Princeton Neuroscience Institute & Department of Psychology, Princeton University.
Department of Psychology, Yale University.
Cogn Sci. 2022 Feb;46(2):e13085. doi: 10.1111/cogs.13085.
Applying machine learning algorithms to automatically infer relationships between concepts from large-scale collections of documents presents a unique opportunity to investigate at scale how human semantic knowledge is organized, how people use it to make fundamental judgments ("How similar are cats and bears?"), and how these judgments depend on the features that describe concepts (e.g., size, furriness). However, efforts to date have exhibited a substantial discrepancy between algorithm predictions and human empirical judgments. Here, we introduce a novel approach to generating embeddings for this purpose motivated by the idea that semantic context plays a critical role in human judgment. We leverage this idea by constraining the topic or domain from which documents used for generating embeddings are drawn (e.g., referring to the natural world vs. transportation apparatus). Specifically, we trained state-of-the-art machine learning algorithms using contextually-constrained text corpora (domain-specific subsets of Wikipedia articles, 50+ million words each) and showed that this procedure greatly improved predictions of empirical similarity judgments and feature ratings of contextually relevant concepts. Furthermore, we describe a novel, computationally tractable method for improving predictions of contextually-unconstrained embedding models based on dimensionality reduction of their internal representation to a small number of contextually relevant semantic features. By improving the correspondence between predictions derived automatically by machine learning methods using vast amounts of data and more limited, but direct empirical measurements of human judgments, our approach may help leverage the availability of online corpora to better understand the structure of human semantic representations and how people make judgments based on those.
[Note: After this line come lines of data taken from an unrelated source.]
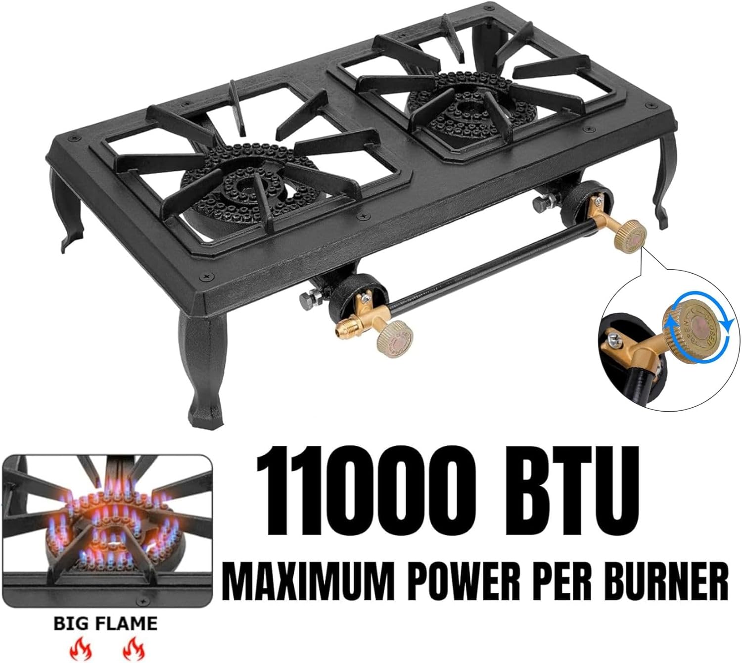 Material: cast ironColor: blackEnergy type: propane gasSize: 20″L×11.3″W×5.2″HTwo burner stove extend the cooking space, allows you to stir-fry and cook at the same time.The burner works with propane gas cylinder, it is controlled by a simple air valve and provides excellent heat control.Small and light construction, easy to carry out, a good helper for your outdoor camping life.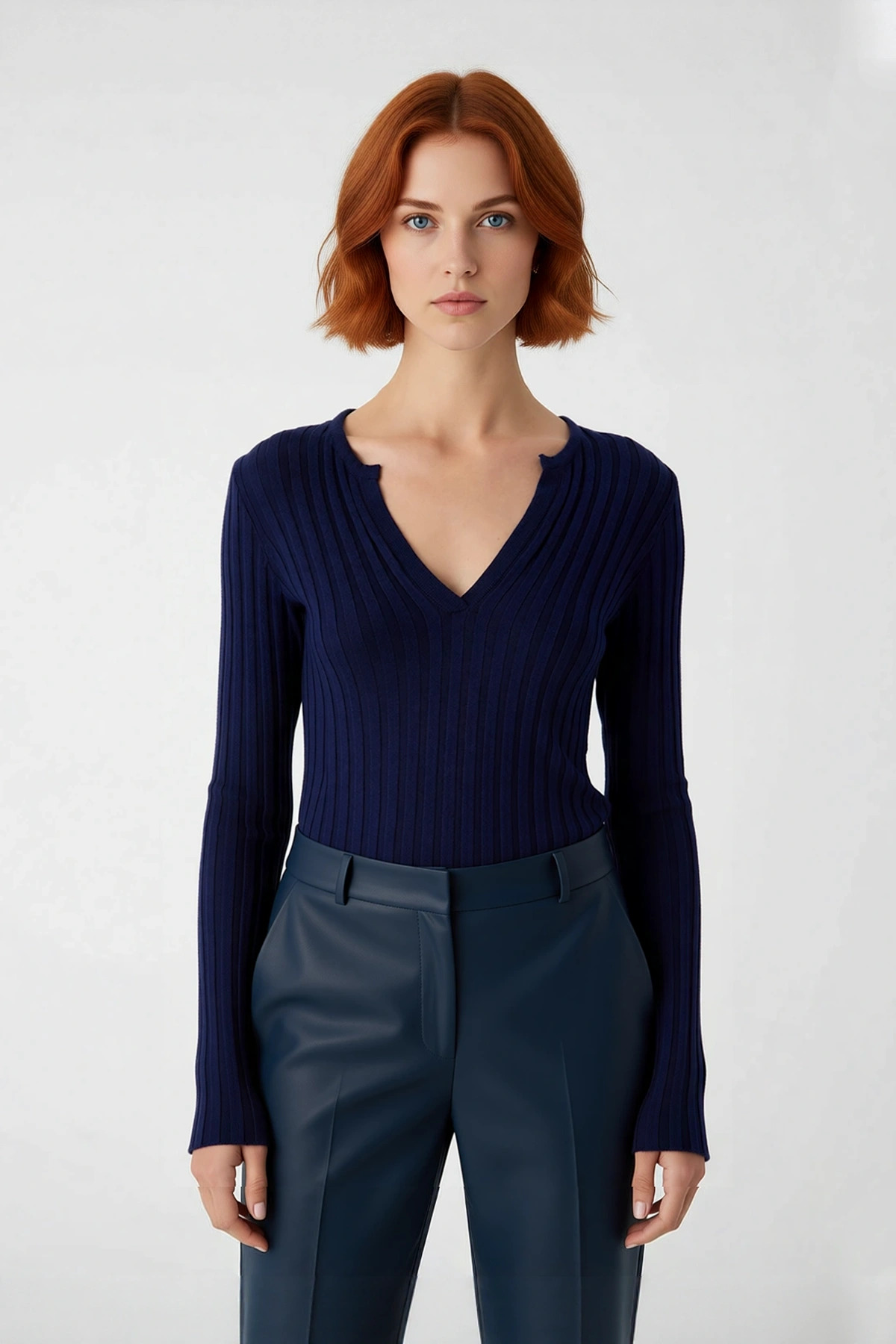 Kadın İnce Triko Kaçık V Yaka Fitilli Fitted Kazak Modeli Günlük Rahat Ve Modern Kombinler İçin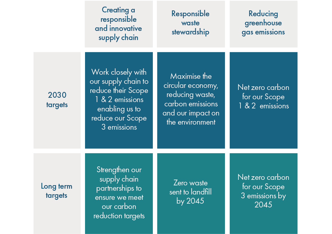 The UN’s SDGs are a globally recognised set of goals covering three focus areas: environmental, social and economic, demonstrating that all three must go hand in hand when progressing towards sustainable development. While our operations have indirect impacts on all the SDGs, we have taken steps to align our strategy to the SDGs where we have the greatest direct impact. We have identified six priority SDGs aligned to our sustainability strategy, where we have a material impact across our business.

应用机器学习算法从大规模文档集合中自动推断概念之间的关系,为从大规模上研究人类语义知识的组织方式、人们如何利用它做出基本判断(“猫和熊有多相似?”)以及这些判断如何依赖于描述概念的特征(例如,大小、毛茸茸)提供了独特的机会。然而,迄今为止的努力在算法预测和人类经验判断之间表现出了显著的差异。在这里,我们引入了一种新的方法来生成为此目的的嵌入,其灵感来自于语义上下文在人类判断中起着关键作用的想法。我们通过限制用于生成嵌入的文档的主题或领域(例如,指自然世界与交通设备)来利用这个想法。具体来说,我们使用上下文受限的文本语料库(每个语料库都来自维基百科文章的特定领域子集,超过 5000 万词)对最先进的机器学习算法进行了训练,并表明该过程极大地提高了对经验相似性判断和相关概念特征评级的预测。此外,我们描述了一种新颖的、计算上可行的方法,用于根据其内部表示的降维来提高上下文不受限制的嵌入模型的预测,从而将其简化为少数几个与上下文相关的语义特征。通过提高使用大量数据的机器学习方法自动推导的预测与人类判断的更有限但直接的经验测量之间的一致性,我们的方法可以帮助利用在线语料库的可用性来更好地理解人类语义表示的结构以及人们如何基于这些表示做出判断。